(Records from a data collection)
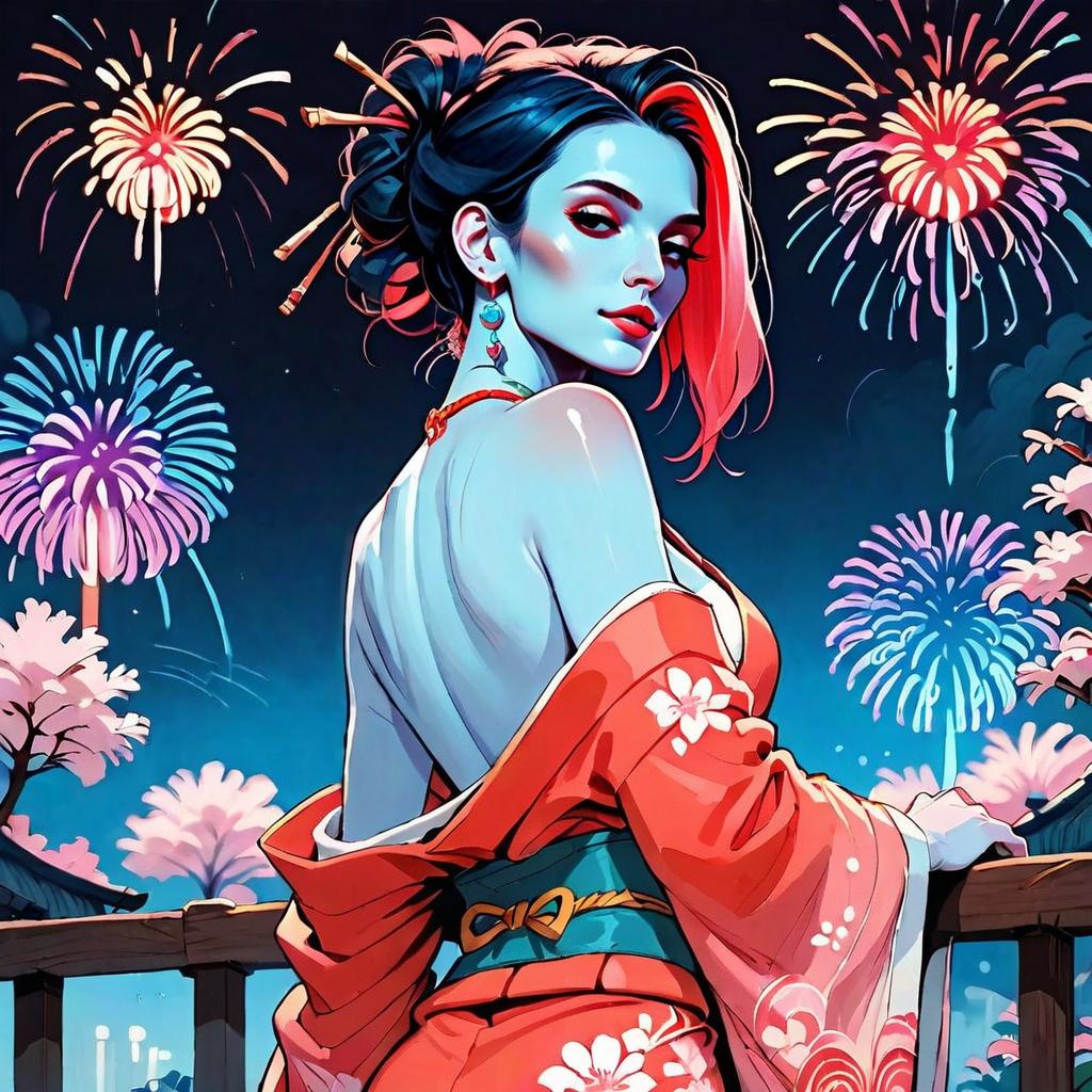 A striking digital illustration features a woman dressed in a traditional red kimono adorned with floral patterns, standing against a backdrop of colorful fireworks and blossoming cherry trees. The artwork blends vibrant neon colors with a modern anime-inspired style, highlighting the subject's confident and serene expression as she gazes over her shoulder.
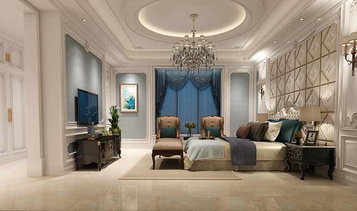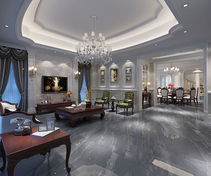 這是一個很大的客廳,因此設計師設計了一個造型別致的吊頂,鑲金邊的異型吊頂圖案,使平面的天花板呈現出立體感,恢弘大氣。
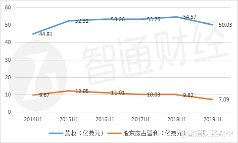 至于港灯未来的股价、业绩及派息还会不会保持如此稳定,相信很多投资者不敢笃定。因为从港灯近期公布的2019年中期业绩报告显示,公司营收下滑了8.32%至50.03亿元,公司股东应占期内溢利同比减少约27.8%至7.09亿元。由于利润下滑,公司每股派息由上年同期的19.92港仙,下降至15.94港仙。
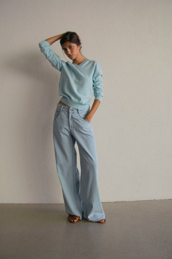 Las modelos llevan una talla S. Reham (jersey rosa palo y blanco vintage) y Aida (jersey azul claro) miden 178cm. Barbara (jersey salmón claro), 180cm.
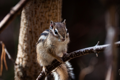 Бурундук Сеня отдыхает на ветке.
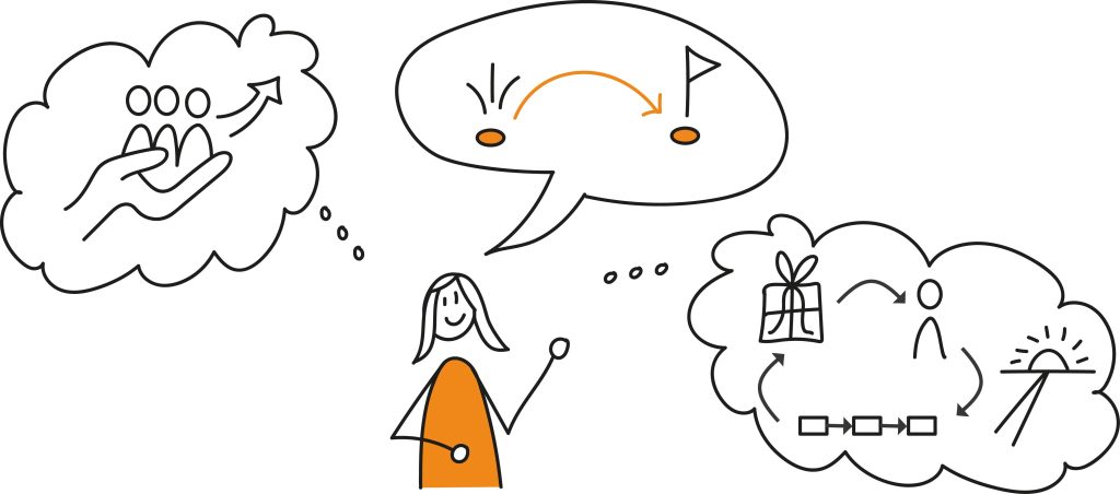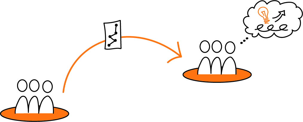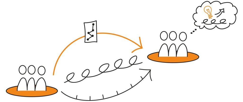 Als deze voor iedereen helder is, is het tijd om samen de weg ernaar toe te bepalen. Met het team bouwen we aan een concreet stappenplan om van de huidige situatie naar onze stip op de horizon te komen.
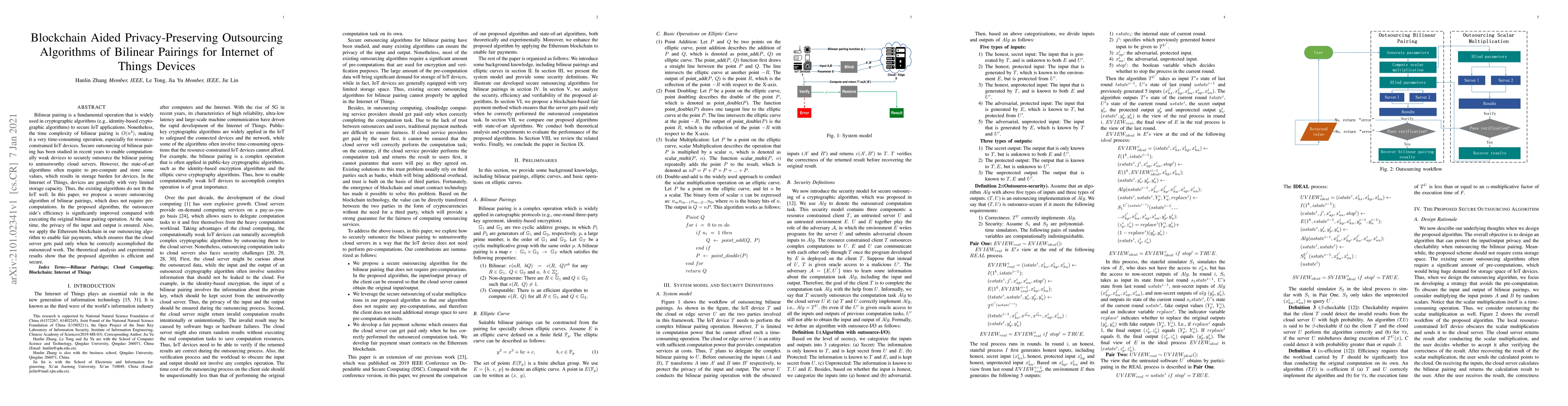 Bilinear pairing is a fundamental operation that is widely used in cryptographic algorithms (e.g., identity-based cryptographic algorithms) to secure IoT applications. Nonetheless, the time complexity of bilinear pairing is $O(n^3)$, making it a very time-consuming operation, especially for resource-constrained IoT devices. Secure outsourcing of bilinear pairing has been studied in recent years to enable computationally weak devices to securely outsource the bilinear pairing to untrustworthy cloud servers. However, the state-of-art algorithms often require to pre-compute and store some values, which results in storage burden for devices. In the Internet of Things, devices are generally with very limited storage capacity. Thus, the existing algorithms do not fit the IoT well. In this paper, we propose a secure outsourcing algorithm of bilinear pairings, which does not require pre-computations. In the proposed algorithm, the outsourcer side's efficiency is significantly improved compared with executing the original bilinear pairing operation. At the same time, the privacy of the input and output is ensured. Also, we apply the Ethereum blockchain in our outsourcing algorithm to enable fair payments, which ensures that the cloud server gets paid only when he correctly accomplished the outsourced work. The theoretical analysis and experimental results show that the proposed algorithm is efficient and secure.
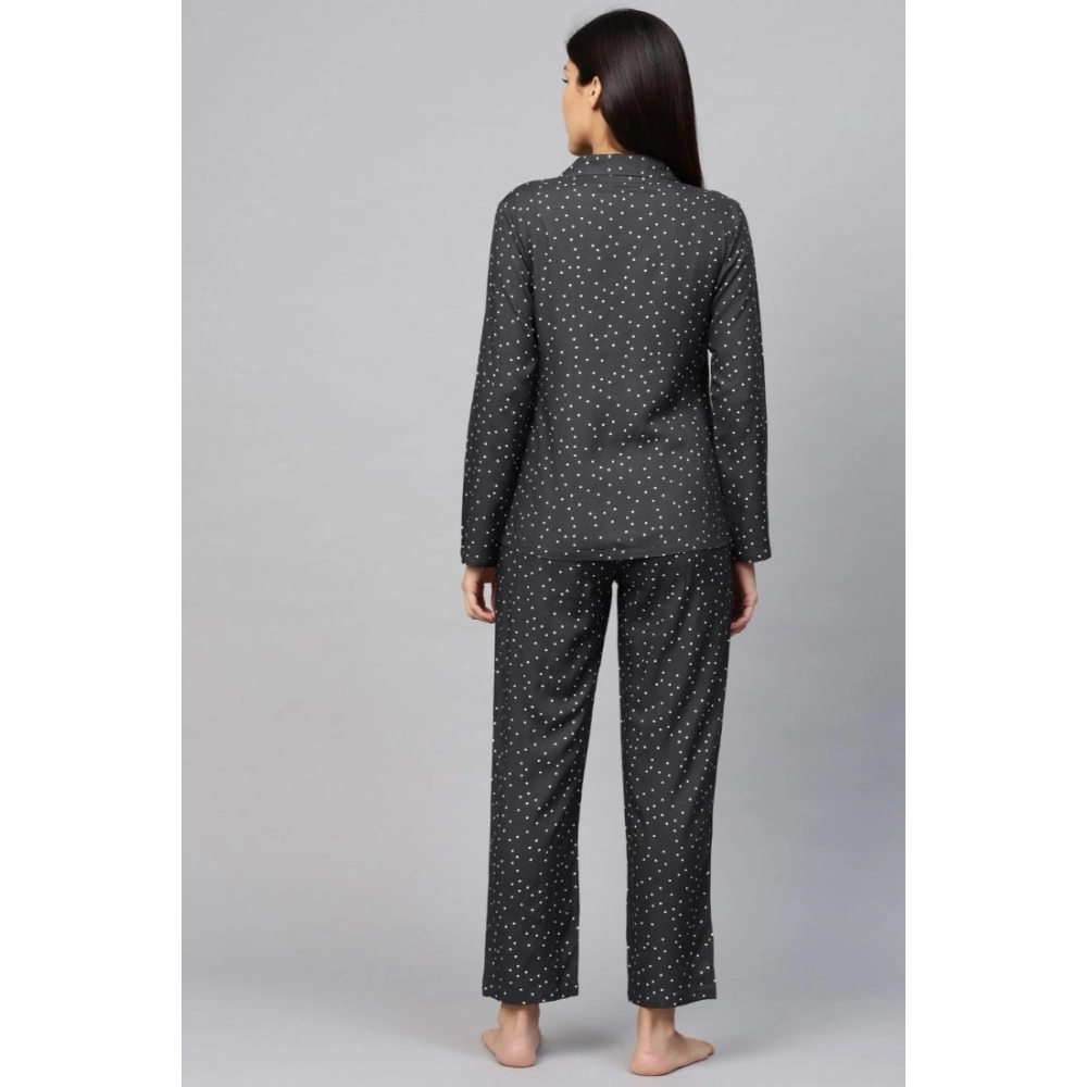 Generic Women’s Casual Full Sleeves Polka Dot Printed Rayon Shirt With Pyjama Pant Night Suit Set (Grey)
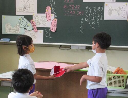 次は、「忘れた帽子を友だちに届ける場面」での互いの言葉かけについて練習しました。「やさしく・笑顔で・相手を見て・心を込めて」のポイントを意識して練習しました。
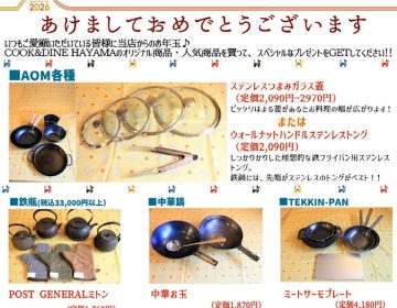 こんにちは。COOK & DINE HAYAMA・鉄鍋伝道師の山口です。 2025年、本年も多くのお客様にご来店頂きました。スタッフ一同心より感謝申し上げます。 2026年の初売りは、本年開催して大好評だった「大盤振る舞い」を再び!! COOK & DINE HAYAMAの定番人気アイテムに、豪華なオマケをつけちゃいます♪...(続きを読む) -

WHAT YOU HAVE TO DO |
Leaving out the pictures, print every record exactly as written.

RESPONSE TO THE TASK |
 A striking digital illustration features a woman dressed in a traditional red kimono adorned with floral patterns, standing against a backdrop of colorful fireworks and blossoming cherry trees. The artwork blends vibrant neon colors with a modern anime-inspired style, highlighting the subject's confident and serene expression as she gazes over her shoulder.
 這是一個很大的客廳,因此設計師設計了一個造型別致的吊頂,鑲金邊的異型吊頂圖案,使平面的天花板呈現出立體感,恢弘大氣。
 至于港灯未来的股价、业绩及派息还会不会保持如此稳定,相信很多投资者不敢笃定。因为从港灯近期公布的2019年中期业绩报告显示,公司营收下滑了8.32%至50.03亿元,公司股东应占期内溢利同比减少约27.8%至7.09亿元。由于利润下滑,公司每股派息由上年同期的19.92港仙,下降至15.94港仙。
 Las modelos llevan una talla S. Reham (jersey rosa palo y blanco vintage) y Aida (jersey azul claro) miden 178cm. Barbara (jersey salmón claro), 180cm.
 Бурундук Сеня отдыхает на ветке.
 Als deze voor iedereen helder is, is het tijd om samen de weg ernaar toe te bepalen. Met het team bouwen we aan een concreet stappenplan om van de huidige situatie naar onze stip op de horizon te komen.
 Bilinear pairing is a fundamental operation that is widely used in cryptographic algorithms (e.g., identity-based cryptographic algorithms) to secure IoT applications. Nonetheless, the time complexity of bilinear pairing is $O(n^3)$, making it a very time-consuming operation, especially for resource-constrained IoT devices. Secure outsourcing of bilinear pairing has been studied in recent years to enable computationally weak devices to securely outsource the bilinear pairing to untrustworthy cloud servers. However, the state-of-art algorithms often require to pre-compute and store some values, which results in storage burden for devices. In the Internet of Things, devices are generally with very limited storage capacity. Thus, the existing algorithms do not fit the IoT well. In this paper, we propose a secure outsourcing algorithm of bilinear pairings, which does not require pre-computations. In the proposed algorithm, the outsourcer side's efficiency is significantly improved compared with executing the original bilinear pairing operation. At the same time, the privacy of the input and output is ensured. Also, we apply the Ethereum blockchain in our outsourcing algorithm to enable fair payments, which ensures that the cloud server gets paid only when he correctly accomplished the outsourced work. The theoretical analysis and experimental results show that the proposed algorithm is efficient and secure.
 Generic Women’s Casual Full Sleeves Polka Dot Printed Rayon Shirt With Pyjama Pant Night Suit Set (Grey)
 次は、「忘れた帽子を友だちに届ける場面」での互いの言葉かけについて練習しました。「やさしく・笑顔で・相手を見て・心を込めて」のポイントを意識して練習しました。
 こんにちは。COOK & DINE HAYAMA・鉄鍋伝道師の山口です。 2025年、本年も多くのお客様にご来店頂きました。スタッフ一同心より感謝申し上げます。 2026年の初売りは、本年開催して大好評だった「大盤振る舞い」を再び!! COOK & DINE HAYAMAの定番人気アイテムに、豪華なオマケをつけちゃいます♪...(続きを読む) -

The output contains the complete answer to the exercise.